Well, heres my two cents. I own 3 dedicated plow trucks, they all are suited with Nokian Hawks. Of course these trucks only see winter weather road conditions, which sometimes can be bare pavement traveling on the highways to and from plows. I have been running them on these three trucks for 10 years, they are still in x-cellent shape. I did have to replace the front ones on my sand truck only because for some reason it thru out most of the studs and stopping that beast when she full of sand it pretty important.

kingriver
james


----------



## brad96z28 (Aug 21, 2005)

m&s wear quick in the off season for ure but had great traction when they where new,


----------



## ddb maine (Dec 4, 2009)

King river. What kind of trucks? 1 tons? Did you figure out why they were throwing studs?


----------



## plowmaster07 (Feb 1, 2009)

Dunno if you figured out your tire situation yet. I'm running Artic Claws on my Dodge (like you listed), very impressed with them. Really quiet on the highway and very good year round tire. I have about 15K on them so far?
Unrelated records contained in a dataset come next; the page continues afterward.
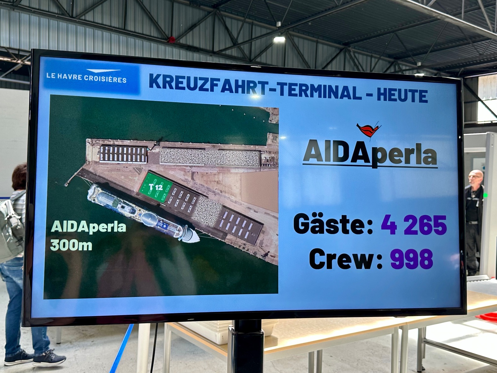 Wie wir nun Dank des Le Havre Cruiseterminals erfahren durften (Zahlen lügen nicht), ist die Perla rappelvoll.
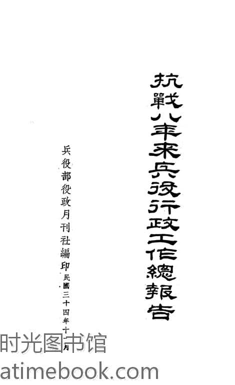 | 网盘路径:/时光图书馆珍藏系列/书籍文件/老图书/《抗战八年来兵役*工作总报告》电子版合集.db | ||
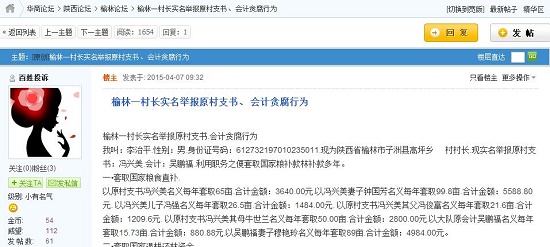 榆林一村長(zhǎng)實(shí)名舉報(bào)原村支書.會(huì)計(jì)貪腐行為
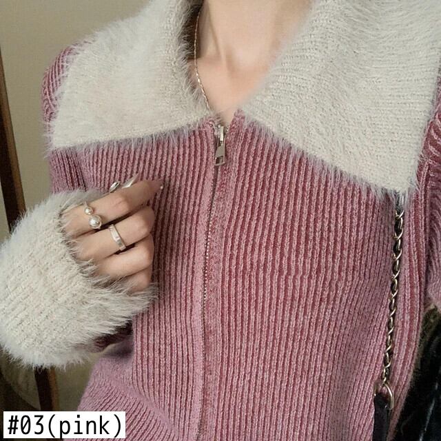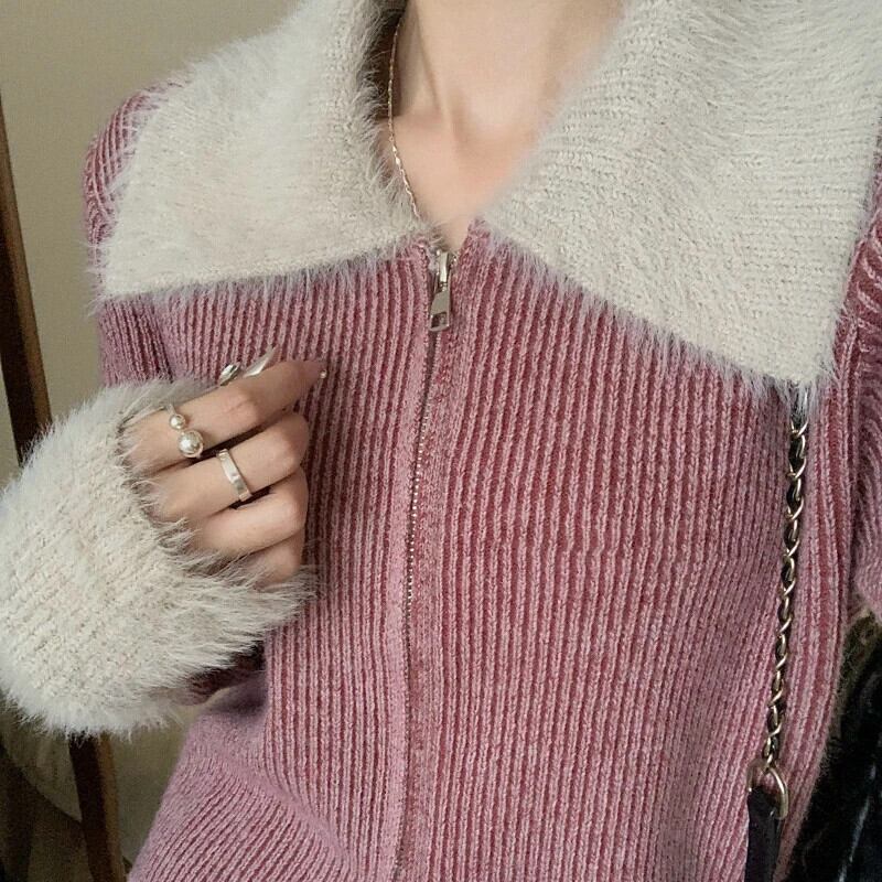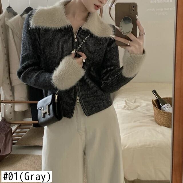 送料無料 レディース ダブルジッパーキレトロニットカーディガン、ファーカラー、多目的、品質、秋冬、2024 AE55455436813608325
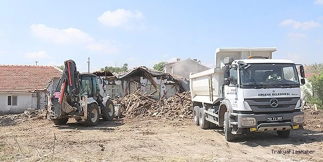 Ergene Belediyesi tarafından can güvenliğini tehdit eden metruk binaların yıkımı devam ediyor.

Can get another season of pushing before a new set.

Aaron


----------



## bdlawncare (Oct 1, 2011)

if its for a truck im assuming check the ( hankook dynapro atm rf10) good tire snow rated, yes theres flake on the side they are amazing in the snow and ice for a decent price i payed 135 per tire for 265/70r/17... just a thought because they have them in many sizes check tirerack


----------